Diophantus's Arithmetica


In this series of blog posts, I will be discussing some of my favorite topics in math, It mostly falls under the domains of mathematical logic and computability theory.

Diophantus of Alexandria

Diophantus was a Greek mathematician that flourished around 250 AD, he is most famous for his book “Arithmetica” in which he had compiled 130 algebraic problems among thirteen books where most of their solutions were positive integers, and that’s why mathematicians call such algebraic equations as “Diophantine Equations”.

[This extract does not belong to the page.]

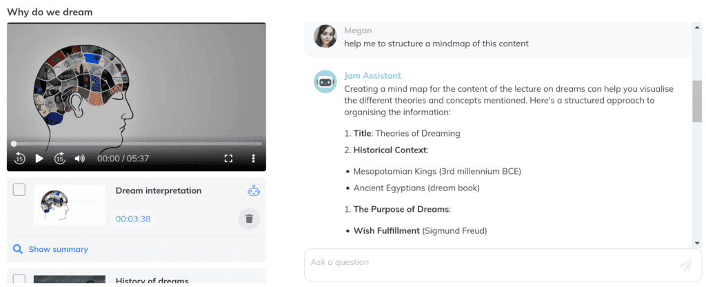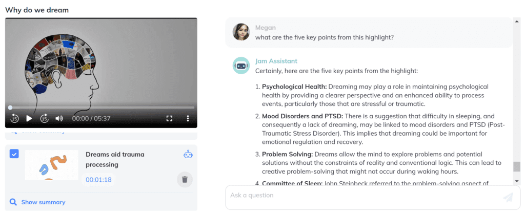 It can often be hard to analyse the key points from a section of lecture content, so the JamAI prompt “What are the 5 key points from this highlight?” is a useful one to remember to access this automatically. Having the key points from a highlight clip can help you to understand the content better as a whole due to it being broken down for you and explained in an alternative format. This prompt is useful as you can re-read/write these key points out repeatedly until the information is absorbed for learning.

It is said that he wrote his book “Arithmetica” as a distraction from his son’s death, and it turned out to be one of the most brilliant books that discussed algebra and he was amongst the first to use symbolic representations for real-life problems, he was also the first to use powers of more than 2 and 3 which had no physical meaning unlike the square and the cube, his solutions also never involved zeroes or negative numbers.

Diophantus had a brilliant way of solving problems involving multiple variables using only a single variable, he did it in such a way that he finds relations that represent the other variables in terms of the first variable.

A Diophantine Problem

For Example, In his first problem of the fourth book:

“Divide a given number into two cubes such that the sum of their sides is a given number”.

He then provides two numbers:

  • Given Number: 370
  • Sum of Sides: 10

Normal Approach

We can visualize the problem Geomterically as follows: two cubes X and Y Let’s solve it using second grade algebra!

The two sides ($x$ and $y$) add up to 10 and the sum of their cubes ($x^3$ and $y^3$) is 370.
$x + y = 10$
$x^3 + y^3 = 370$

$x = 10 - y$
$(10 - y)^3 + y^3 = 370$
$(1000 + 30y^2 - 300y - y^3) + y^3 = 370$
$30y^2 - 300y + 630 = 0$
$y^2 - 10y + 21 = 0$
$(y - 7)(y - 3) = 0$
y = 7, y = 3

I didn’t want to bother with a detailed explanation of the steps above (I hope all of those who are reading this know some basic algebra), here is how Diophantus solved such problems.

Diophantus’s Approach

He would first express the two variables $x$ and $y$ as two relations in terms of one variable so his $x$ will be $(5+x)$ and his $y$ will be $(5-x)$.
$(5 + x) + (5 - x) = 10$

These indeed satisfy the first equation and will yield 10 upon adding them together, and for the second equation, he describes it as follows:
$(5 + x)^3 + (5 - x)^3 = 370$

It will seem a bit odd and crazy at first, but once we start expanding these cubes, terms will start canceling out like crazy until we are left with:
$30x^2 + 250 = 370$

Which will yield:
$x^2 = 4$

Finally we arrive at the same solution:
$x = 2$
$(x + 5) = {\bf 7}$
$(x - 5) = {\bf 3}$

his problems may seem plain and simple at the first glance but they sometimes become very tough and hard to attack, a famous quote by the German mathematician Hermann Hankel regarding the diophantine problems, “Every question requires a quite special method, which often will not serve even for the most closely allied problems. It is on that account difficult for a modern mathematician even after studying 100 Diophantine solutions to solve the 101st problem”

Fermat’s Last Theorem

Pierre de Fermat was a famous 17th-century French mathematician, he had a copy of Diophantus’s Arithmetica and had filled its margins extensively with notes.
At one of the problems that involved a solution in the form of $x^2\ +\ b^2\ =\ c^2$, Fermat wrote:

“On the contrary, it is impossible to separate a cube into two cubes, a fourth power into two fourth powers, or generally any power above the second into two powers of the same degree. I have discovered a truly marvelous demonstration which this margin is too narrow to contain.”

This nonexistent proof became knows as “Fermat’s Last Theorem”, It was later solved by the British Number Theorist Andrew Wiles in 1993 after three and a half centuries, he then received the Abel Prize in 2016 for his solution.